Patrick “Paddy” Dignam was one of Mr. Bloom’s friends, who had died recently. The circumstances of his death are very similar to Elpenor’s, from The Odyssey (which, again, this novel takes much inspiration from), the youngest of the crew, who gets drunk and decides to sleep on the roof of Circe’s palace, and falls off a ladder to his death the next morning. This death is similar to that of Tim Finnegan, from the traditional Irish ballad, who will be the inspiration for Joyce’s later novel Finnegans Wake.

While heading to the funeral, Mr. Bloom will meet Mr. Simon Dedalus, who was the father of Stephen, the man the first three chapters of this book were about. While Mr. Bloom is at the funeral, Molly is going to have sex with ‘Blazes’ Boylan. We will learn later that Molly thinks her menstrual cycle is connected with her increased sexual appetites, and thus her decision to cheat on Mr. Bloom regularly with Boylan. She wanted Mr. Bloom to leave the house for most of the day, and he will do so, which will cause most of the action in the story. Mr. Bloom knew about Molly’s affair, and didn’t like it, but didn’t feel strong enough to do anything about it. Molly and Mr. Bloom were having marital problems. Some of these were because of their son, Rudy, died shortly after birth, eleven years ago. Mr. Bloom regularly wonders how life would be different had Rudy survived, and this is what prompts him to be so protective of Stephen when he finally encounters him later on in the story.

“Yes,” said Mr. Bloom. “I think the funeral is at 11 o’clock.”

“I had a question about the book I was reading,” said Molly, changing the subject again. “Do you know what ‘metempsychosis’ means? I came upon it in the book which is over there, underneath that pile of clothing, and didn’t understand it.” Mr. Bloom found the book, and she used her hairpin to point at the word.

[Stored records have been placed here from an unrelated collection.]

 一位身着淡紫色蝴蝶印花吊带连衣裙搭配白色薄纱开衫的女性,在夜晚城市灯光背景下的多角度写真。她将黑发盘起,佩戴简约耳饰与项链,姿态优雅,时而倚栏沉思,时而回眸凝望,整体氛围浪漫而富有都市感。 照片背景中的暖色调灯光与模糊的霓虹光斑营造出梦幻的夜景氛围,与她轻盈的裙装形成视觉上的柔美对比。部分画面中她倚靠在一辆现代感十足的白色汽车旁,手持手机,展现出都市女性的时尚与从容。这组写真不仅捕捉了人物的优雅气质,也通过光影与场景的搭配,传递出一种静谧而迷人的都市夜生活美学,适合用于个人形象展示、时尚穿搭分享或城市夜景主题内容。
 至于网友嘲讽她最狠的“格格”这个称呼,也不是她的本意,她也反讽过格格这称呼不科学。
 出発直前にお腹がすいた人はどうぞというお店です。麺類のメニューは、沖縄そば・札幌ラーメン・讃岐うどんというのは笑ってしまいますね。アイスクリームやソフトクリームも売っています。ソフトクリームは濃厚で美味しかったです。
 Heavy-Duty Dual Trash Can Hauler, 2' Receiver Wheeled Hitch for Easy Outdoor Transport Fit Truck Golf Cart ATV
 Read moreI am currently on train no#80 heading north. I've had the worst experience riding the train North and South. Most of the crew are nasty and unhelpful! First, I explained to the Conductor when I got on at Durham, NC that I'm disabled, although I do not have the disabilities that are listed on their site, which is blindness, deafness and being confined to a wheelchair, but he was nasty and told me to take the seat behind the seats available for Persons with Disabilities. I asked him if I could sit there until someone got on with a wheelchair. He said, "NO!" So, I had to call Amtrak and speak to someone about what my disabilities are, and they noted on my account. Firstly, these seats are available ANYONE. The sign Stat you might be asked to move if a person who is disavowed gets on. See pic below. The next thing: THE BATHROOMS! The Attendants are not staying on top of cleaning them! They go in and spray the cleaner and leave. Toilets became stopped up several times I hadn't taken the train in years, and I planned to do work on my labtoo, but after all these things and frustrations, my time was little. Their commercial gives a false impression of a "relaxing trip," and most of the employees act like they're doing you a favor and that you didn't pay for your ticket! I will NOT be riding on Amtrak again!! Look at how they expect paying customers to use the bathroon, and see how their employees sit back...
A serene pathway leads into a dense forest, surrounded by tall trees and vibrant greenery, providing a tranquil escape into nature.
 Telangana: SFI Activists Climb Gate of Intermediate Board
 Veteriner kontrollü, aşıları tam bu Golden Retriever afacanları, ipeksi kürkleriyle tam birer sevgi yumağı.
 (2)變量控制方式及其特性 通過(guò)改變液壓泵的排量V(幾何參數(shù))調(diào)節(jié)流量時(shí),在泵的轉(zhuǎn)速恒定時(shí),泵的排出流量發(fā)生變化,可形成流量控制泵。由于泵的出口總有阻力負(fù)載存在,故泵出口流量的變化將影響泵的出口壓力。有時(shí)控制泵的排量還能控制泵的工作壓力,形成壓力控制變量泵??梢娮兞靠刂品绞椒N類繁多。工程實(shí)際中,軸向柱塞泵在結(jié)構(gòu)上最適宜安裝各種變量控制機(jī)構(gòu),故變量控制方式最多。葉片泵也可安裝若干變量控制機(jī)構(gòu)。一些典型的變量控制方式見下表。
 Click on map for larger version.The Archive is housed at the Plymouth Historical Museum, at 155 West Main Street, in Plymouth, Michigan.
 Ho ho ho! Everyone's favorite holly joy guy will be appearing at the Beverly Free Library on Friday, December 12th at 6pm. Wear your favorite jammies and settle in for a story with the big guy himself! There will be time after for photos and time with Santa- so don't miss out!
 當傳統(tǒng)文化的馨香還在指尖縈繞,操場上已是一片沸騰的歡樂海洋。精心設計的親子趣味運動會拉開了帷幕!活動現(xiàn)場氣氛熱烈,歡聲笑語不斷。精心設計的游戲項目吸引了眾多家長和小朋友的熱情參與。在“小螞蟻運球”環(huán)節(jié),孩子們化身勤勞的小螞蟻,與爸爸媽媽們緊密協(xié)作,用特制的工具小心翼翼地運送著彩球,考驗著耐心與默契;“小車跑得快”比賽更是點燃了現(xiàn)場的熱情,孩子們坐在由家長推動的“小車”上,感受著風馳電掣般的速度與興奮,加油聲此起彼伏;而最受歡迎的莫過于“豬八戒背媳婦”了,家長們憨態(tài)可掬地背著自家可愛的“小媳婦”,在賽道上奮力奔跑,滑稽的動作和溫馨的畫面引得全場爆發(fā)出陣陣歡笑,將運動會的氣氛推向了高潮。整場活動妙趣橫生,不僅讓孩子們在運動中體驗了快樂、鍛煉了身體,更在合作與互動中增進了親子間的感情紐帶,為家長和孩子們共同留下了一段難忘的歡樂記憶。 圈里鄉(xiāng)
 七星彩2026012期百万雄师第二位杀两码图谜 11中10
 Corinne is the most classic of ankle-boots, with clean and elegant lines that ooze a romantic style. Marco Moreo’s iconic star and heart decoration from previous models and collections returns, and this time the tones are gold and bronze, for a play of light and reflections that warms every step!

“It’s a Greek word meaning ‘transmigration of souls’,” Mr Bloom explained.

“That’s confusing,” Molly said. “Why not say it plainly? Anyways, this book wasn’t very good. There were no sexy parts at all.”

“I’ll buy you a different book while I’m out.”

“Thank you. I’d like one by Paul de Kock. His name is a sex joke.”

“Metempsychosis means,” said Mr. Bloom, returning to the previous topic, “that we go on living in a different body after we die. Our soul moves into a new body. That’s what the ancient Greeks believed.”

“What’s that burning smell?” said Molly. She wasn’t interested in what Mr. Bloom had to say.

“Oh no! My kidney!” said Mr. Bloom. The kidney he had put on the stove earlier was burning. Mr. Bloom rushed into the kitchen and turned the stove off. It turned out his kidney wasn’t too badly burned, and he could still eat it. He did so while reading his letter. It was from Milly, Molly and his daughter. Mr. Bloom is happy to hear this she is doing well. She is studying photography, and doesn’t live with them.

Mr. Bloom ate his kidney, and drank a cup of tea. He then went to use the toilet. They had an outhouse. While using the toilet, he read the newspaper. He wondered what it would be like if he and Molly were in the newspaper. He then remembered to check what time the funeral started. Back in 1904, people didn’t have toilet paper, so Mr. Bloom had to use a torn sheet from the newspaper. He wiped himself and stood up.